# Silverleaf Pet Policy



## abbekit (Dec 30, 2009)

I know they have stopped allowing pets via and RCI exchange but what about trading with the indy exchange companies?  I don't see any restrictions.  Also what about rentals from owners?  I'm still hopeful that I can take my dog with me this winter for a nice trip.  We've exchanged a number of times with various Silverleaf resorts and like them but I'm unhappy with the no pets policy via RCI.


----------



## Sandy VDH (Dec 31, 2009)

Call the resort and ask.  

They said they were not allowing pets via RCI anymore, but I booked before they changed the policy.  When I called she said owners can bring pets, but not RCI exchanger.  Why the difference?  Don't know.  She said I could bring my pets when I asked about it.

I would call and ask you may get a different answer.


----------



## Hophop4 (Jan 2, 2010)

Sandy Lovell said:


> Call the resort and ask.
> 
> They said they were not allowing pets via RCI anymore, but I booked before they changed the policy.  When I called she said owners can bring pets, but not RCI exchanger.  Why the difference?  Don't know.  She said I could bring my pets when I asked about it.
> 
> I would call and ask you may get a different answer.

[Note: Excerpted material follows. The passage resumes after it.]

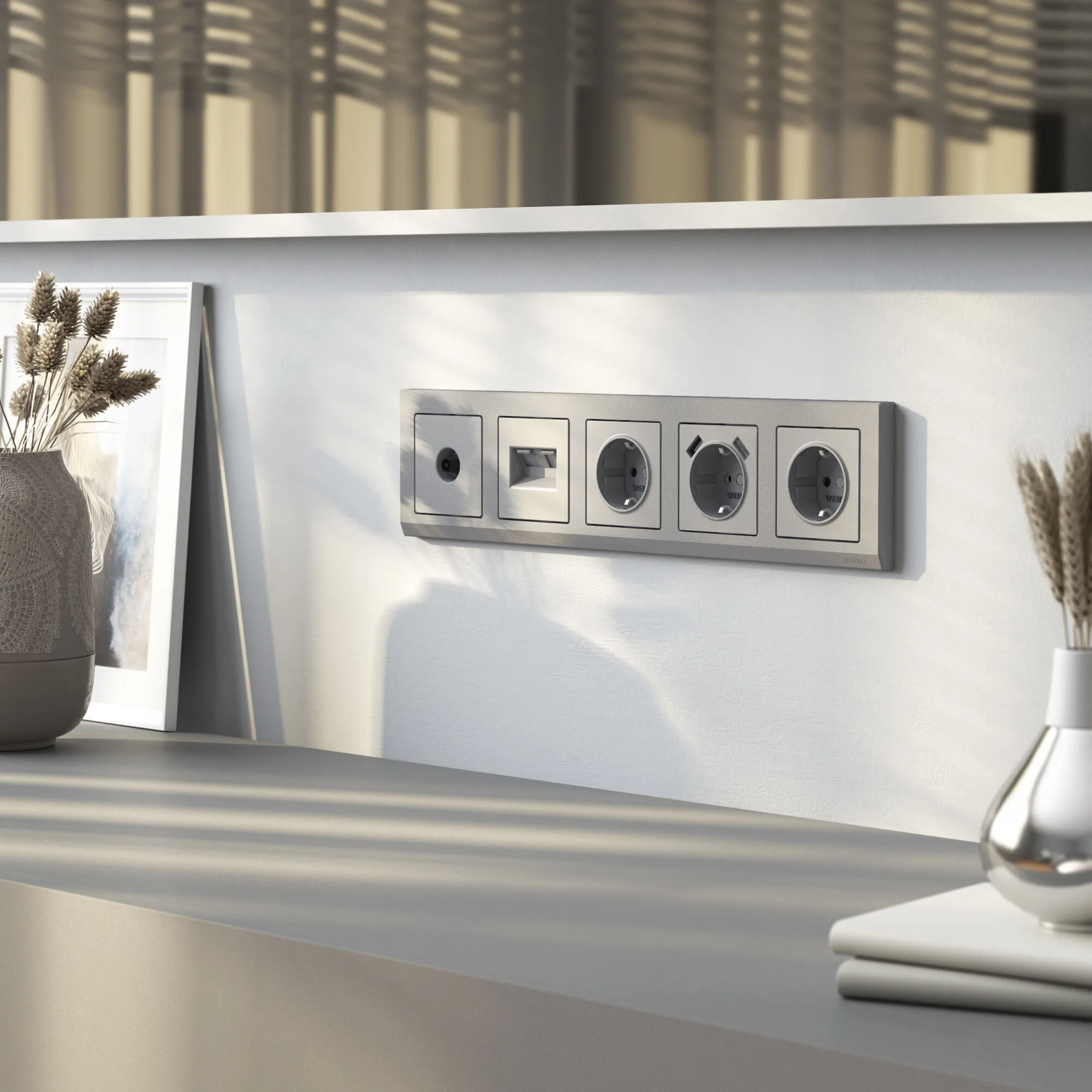 Лицевая панель выполнена в матовом серебряном цвете с бархатистой фактурой и тактильной мягкостью. Такая поверхность не бликует, не притягивает пыль и идеально вписывается в любые стили — от скандинавского минимализма до лофта и классики. Белый цвет гармонично сочетается с любыми отделочными материалами, а универсальная совместимость со всеми рамками Werkel позволяет создавать индивидуальные композиции под ваш вкус.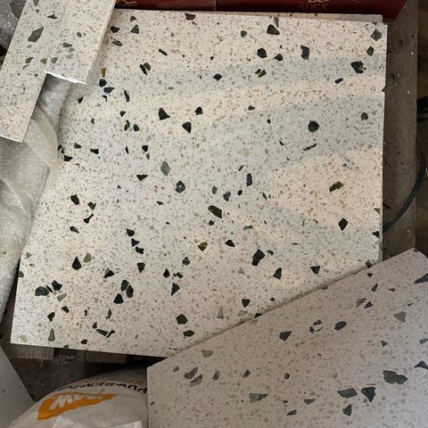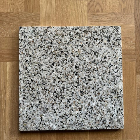Italienske keramiske fliser i Terrezzo-look fra Moisaikhjørnet. Egnet til vådrum. Sælges samlet.

Definately will get different answers.... I have talked to different people and get different stories every time.  I have heard that owners can bring their pets if their contract says Pets Allowed.  I have also heard all owners can bring pets.  The Pet Fee is $75 now and you must have your pet's vaccination records with you or an additional $75 will be charged but they have waived this charge for the first time.  As an owner I have not seen any official written notice on this yet.  No RCI exchanges are allowed pets.  Don't know about rentals.


----------



## Sandy VDH (Jan 2, 2010)

I have a booking for the summer and my confirmation letter says pets are allowed.  I will certainly be calling prior to going to confirm that. 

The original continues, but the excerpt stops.